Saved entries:

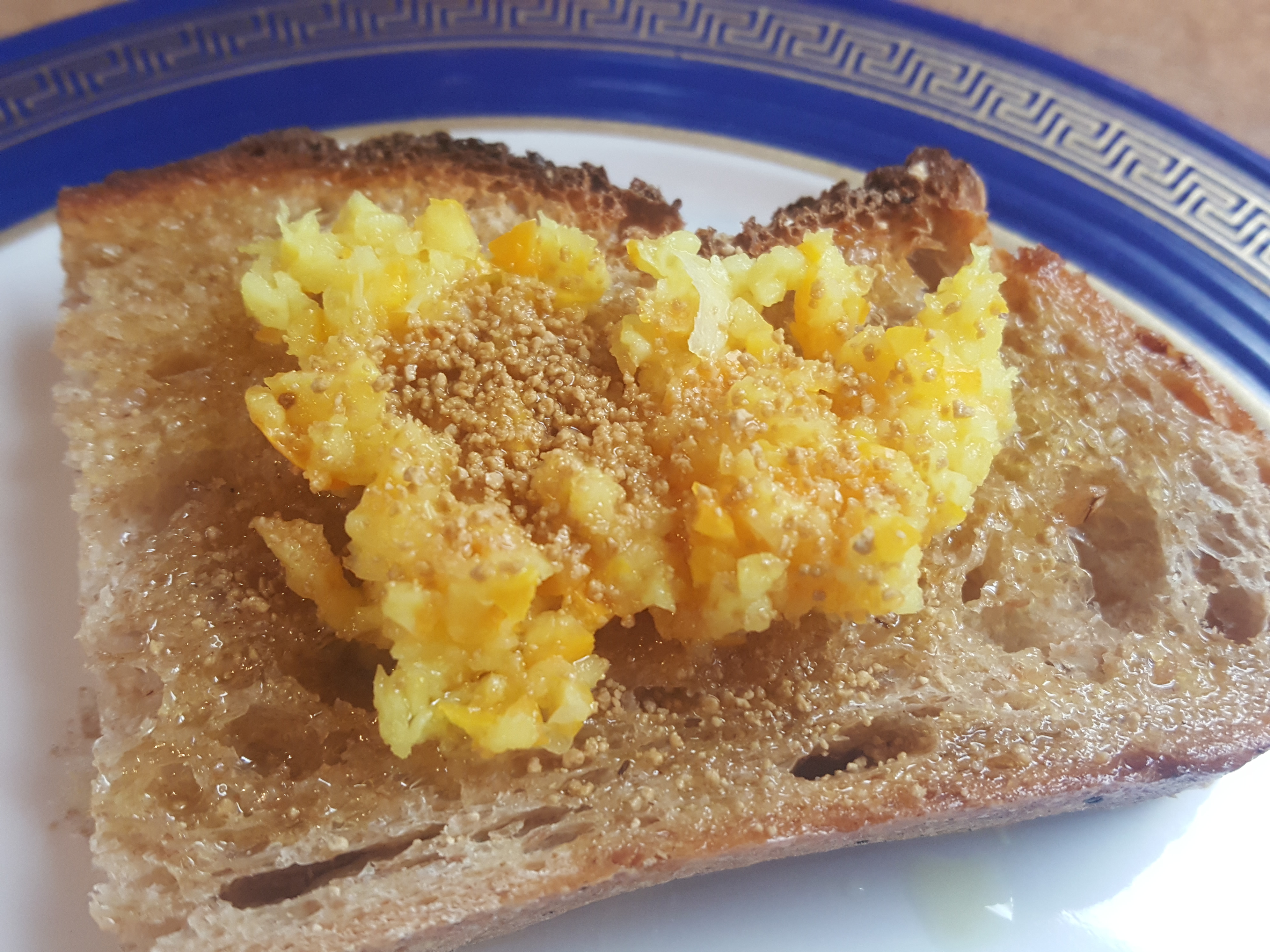 I made some with sliced fruit and some with fruit chopped in the food processor. The barely salty “brine” was less sour than the ferments in sour juice, slightly sweet, and tasty to sip! We ate the softened fruit on buttered toast, with or without additional evaporated cane juice sprinkled on top. Honey would be good, too.
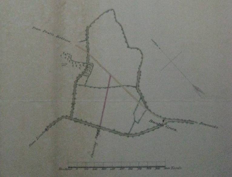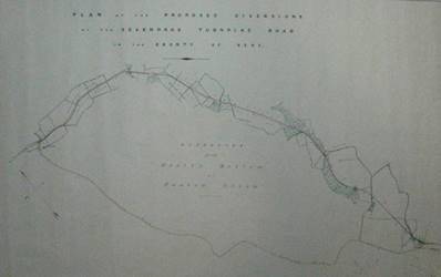 The map below shows the full extent of the diversion. The map on the right shows the new branch road, coloured red, to give access to the new turnpike from the estate.
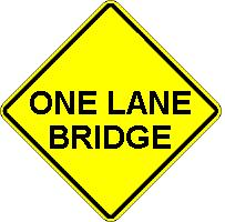 (4-)What is the meaning of this sign? A: The vehicle closest to the bridge has the right of way ahead. |
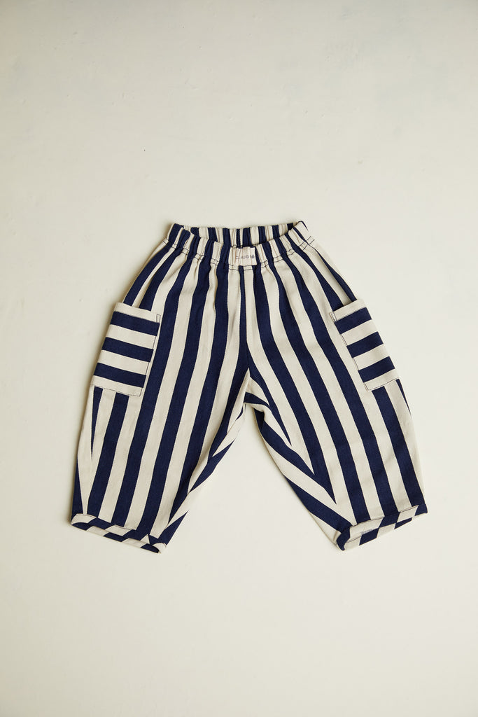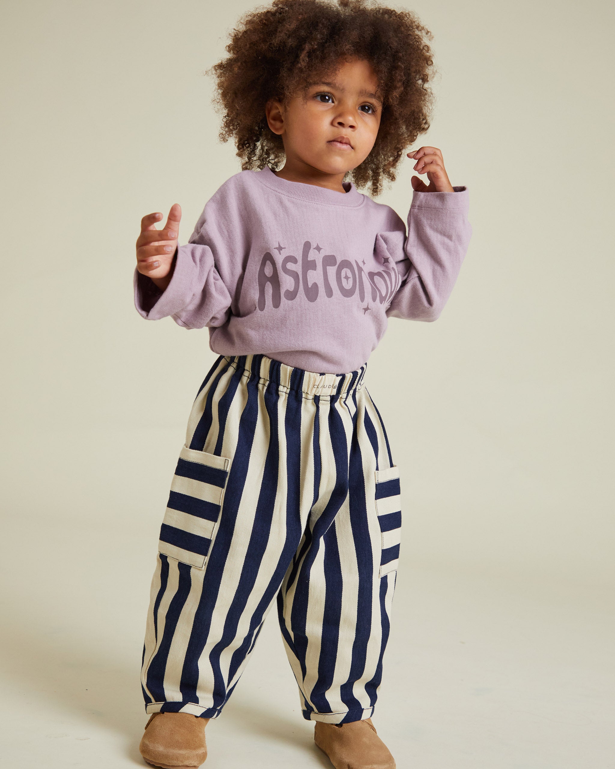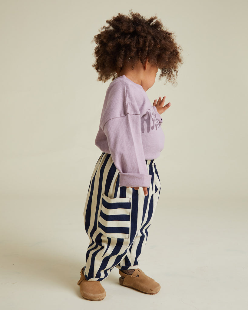 A playful new take on our must-have Emerson shape - the oversized, tapered balloon-leg trousers; now in a timeless midnight navy stripe. Made from 100% soft organic cotton, these unisex children’s trousers feature oversized side pockets and a stretchy, elasticated, branded waistband for comfort and ease. Perfect on their own or styled with the matching Rori Midnight Stripe Jacket, this is a statement piece ready to wear every season.
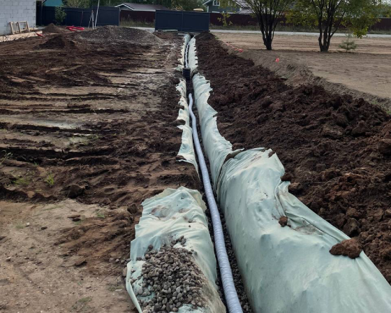 Наша компания предлагает полный цикл работ, связанных с установкой дренажа на участке.
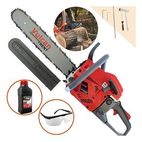 Ficha Técnica: Marca: Vulcan Trent Modelo: VSL550P Motor: 2 tempos Potência: 3,3Hp Cilindrada: 55CC Rotação Máxima: 13.000 RPM Rotação na lenta: 3.000 RPM Sabre: VULCAN 18” (46cm) Ponta rolante - Canal 1,50mm Corrente: 32 dentes Passo: 3/8” Bitola: 1,5mm Ignição: Eletrônica Arranque: Manual com mola retrátil Amortecedores: 5 amortecedores em toda a máquina Carburador: Membranas de alta eficiência Combustível: Gasolina com Óleo – Proporção 25:1 Tanque do Combustível: 550ml Tanque do Óleo: 260ml Consumo: Aproximadamente 1L por hora Autonomia: Aproximadamente 30 min Peso do produto: 6,650kg Peso com embalagem: 7,750kg Dimensões do Produto: 27 x 25 x 82 (montado com sabre) Embalagem 1 peça - Caixa 30 x 27 x 47cm Itens e acessórios na(s) caixa(s): Sabre 18", Corrente 32 Dentes, Protetor do Sabre, Dosador de Combustível, Jogo de Chave, Limas de Corrente.
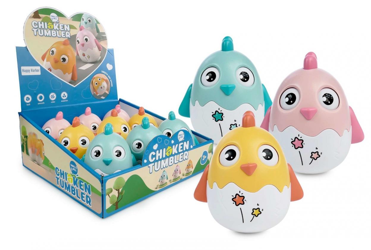 wys. kurczaka 12 cm, 3 kolory, wysyłka losowa. Funkcje: kurczaczek kołysze się na boki przy dźwięku dzwoneczków, ruchome oczy. Pozostałe informacje: wym. disp. 29,5 x 12,5 x 29 cm, wiek: 3+

ASSIGNED TASK
Return the lines above exactly; the images are not part of the copy.

RESULT OF THE TASK
 I made some with sliced fruit and some with fruit chopped in the food processor. The barely salty “brine” was less sour than the ferments in sour juice, slightly sweet, and tasty to sip! We ate the softened fruit on buttered toast, with or without additional evaporated cane juice sprinkled on top. Honey would be good, too.
 The map below shows the full extent of the diversion. The map on the right shows the new branch road, coloured red, to give access to the new turnpike from the estate.
 (4-)What is the meaning of this sign? A: The vehicle closest to the bridge has the right of way ahead. |
 A playful new take on our must-have Emerson shape - the oversized, tapered balloon-leg trousers; now in a timeless midnight navy stripe. Made from 100% soft organic cotton, these unisex children’s trousers feature oversized side pockets and a stretchy, elasticated, branded waistband for comfort and ease. Perfect on their own or styled with the matching Rori Midnight Stripe Jacket, this is a statement piece ready to wear every season.
 Наша компания предлагает полный цикл работ, связанных с установкой дренажа на участке.
 Ficha Técnica: Marca: Vulcan Trent Modelo: VSL550P Motor: 2 tempos Potência: 3,3Hp Cilindrada: 55CC Rotação Máxima: 13.000 RPM Rotação na lenta: 3.000 RPM Sabre: VULCAN 18” (46cm) Ponta rolante - Canal 1,50mm Corrente: 32 dentes Passo: 3/8” Bitola: 1,5mm Ignição: Eletrônica Arranque: Manual com mola retrátil Amortecedores: 5 amortecedores em toda a máquina Carburador: Membranas de alta eficiência Combustível: Gasolina com Óleo – Proporção 25:1 Tanque do Combustível: 550ml Tanque do Óleo: 260ml Consumo: Aproximadamente 1L por hora Autonomia: Aproximadamente 30 min Peso do produto: 6,650kg Peso com embalagem: 7,750kg Dimensões do Produto: 27 x 25 x 82 (montado com sabre) Embalagem 1 peça - Caixa 30 x 27 x 47cm Itens e acessórios na(s) caixa(s): Sabre 18", Corrente 32 Dentes, Protetor do Sabre, Dosador de Combustível, Jogo de Chave, Limas de Corrente.
 wys. kurczaka 12 cm, 3 kolory, wysyłka losowa. Funkcje: kurczaczek kołysze się na boki przy dźwięku dzwoneczków, ruchome oczy. Pozostałe informacje: wym. disp. 29,5 x 12,5 x 29 cm, wiek: 3+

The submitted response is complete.